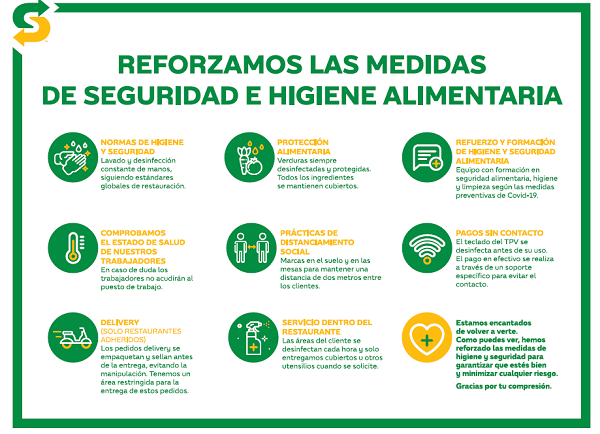 “La red de franquiciados de Subway suponen una gran comunidad que apoya y fomenta el emprendimiento, por lo que comenzar a reactivar cada uno de los negocios de una forma segura es toda una señal de optimismo”, afirma Carlos Ávila, Responsable de Expansión de la región de Cataluña de Subway. “Por ello, estamos preparando cada uno de los restaurantes de Subway en España con todas las medidas de seguridad tanto para los trabajadores como para los clientes y proveedores. Desde la reducción del aforo en los restaurantes hasta la limpieza e higienización de los mismos cada hora del día, para que todos podamos volver a disfrutar de la experiencia Subway”.
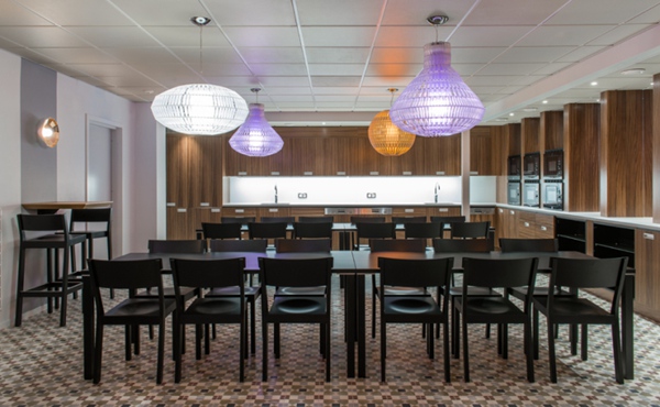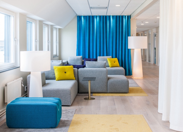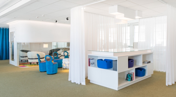 領(lǐng)企設(shè)計(jì)團(tuán)隊(duì)對(duì)原來的空間進(jìn)行了驚人的改造,煥然一新的辦公環(huán)境不僅現(xiàn)代感十足而且多姿多彩,舒適溫馨的氛圍充斥著家的感覺。室內(nèi)裝飾的亮點(diǎn)應(yīng)該是各種色彩的舒適地毯、休息椅、窗簾布藝和造型時(shí)尚的家具,在該項(xiàng)目中,設(shè)計(jì)師還加入了更為強(qiáng)烈的藝術(shù)元素,辦公室和會(huì)議室的墻壁上裝飾了插花圖案以模仿紋理效果和顏色組合。此外,在會(huì)議室的墻壁是模擬各種外墻效果,用瓷磚、馬賽克、玻璃磚或彩色玻璃演繹各種生活中常見的場(chǎng)景。
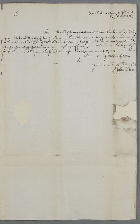 | Summary | Letter from John Allen concerning the case of Mrs Allen, 'a native of Jamaica'. |
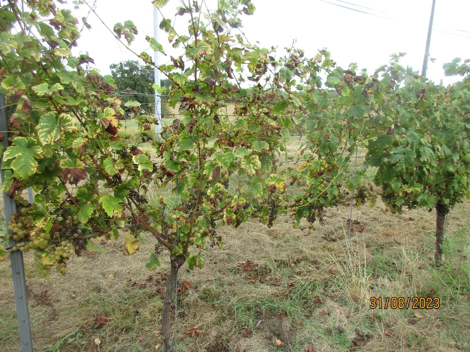 Hier am Kaiserstuhl ist alles im normalen Bereich, lediglich die extrem kompakten Klone zeigen teilweise durch abdrücken Botrytis oder Essig.

TASK ITEM: Would you copy out all the data exactly, without the images?

FINISHED TASK:
 “La red de franquiciados de Subway suponen una gran comunidad que apoya y fomenta el emprendimiento, por lo que comenzar a reactivar cada uno de los negocios de una forma segura es toda una señal de optimismo”, afirma Carlos Ávila, Responsable de Expansión de la región de Cataluña de Subway. “Por ello, estamos preparando cada uno de los restaurantes de Subway en España con todas las medidas de seguridad tanto para los trabajadores como para los clientes y proveedores. Desde la reducción del aforo en los restaurantes hasta la limpieza e higienización de los mismos cada hora del día, para que todos podamos volver a disfrutar de la experiencia Subway”.
 領(lǐng)企設(shè)計(jì)團(tuán)隊(duì)對(duì)原來的空間進(jìn)行了驚人的改造,煥然一新的辦公環(huán)境不僅現(xiàn)代感十足而且多姿多彩,舒適溫馨的氛圍充斥著家的感覺。室內(nèi)裝飾的亮點(diǎn)應(yīng)該是各種色彩的舒適地毯、休息椅、窗簾布藝和造型時(shí)尚的家具,在該項(xiàng)目中,設(shè)計(jì)師還加入了更為強(qiáng)烈的藝術(shù)元素,辦公室和會(huì)議室的墻壁上裝飾了插花圖案以模仿紋理效果和顏色組合。此外,在會(huì)議室的墻壁是模擬各種外墻效果,用瓷磚、馬賽克、玻璃磚或彩色玻璃演繹各種生活中常見的場(chǎng)景。
 | Summary | Letter from John Allen concerning the case of Mrs Allen, 'a native of Jamaica'. |
 Hier am Kaiserstuhl ist alles im normalen Bereich, lediglich die extrem kompakten Klone zeigen teilweise durch abdrücken Botrytis oder Essig.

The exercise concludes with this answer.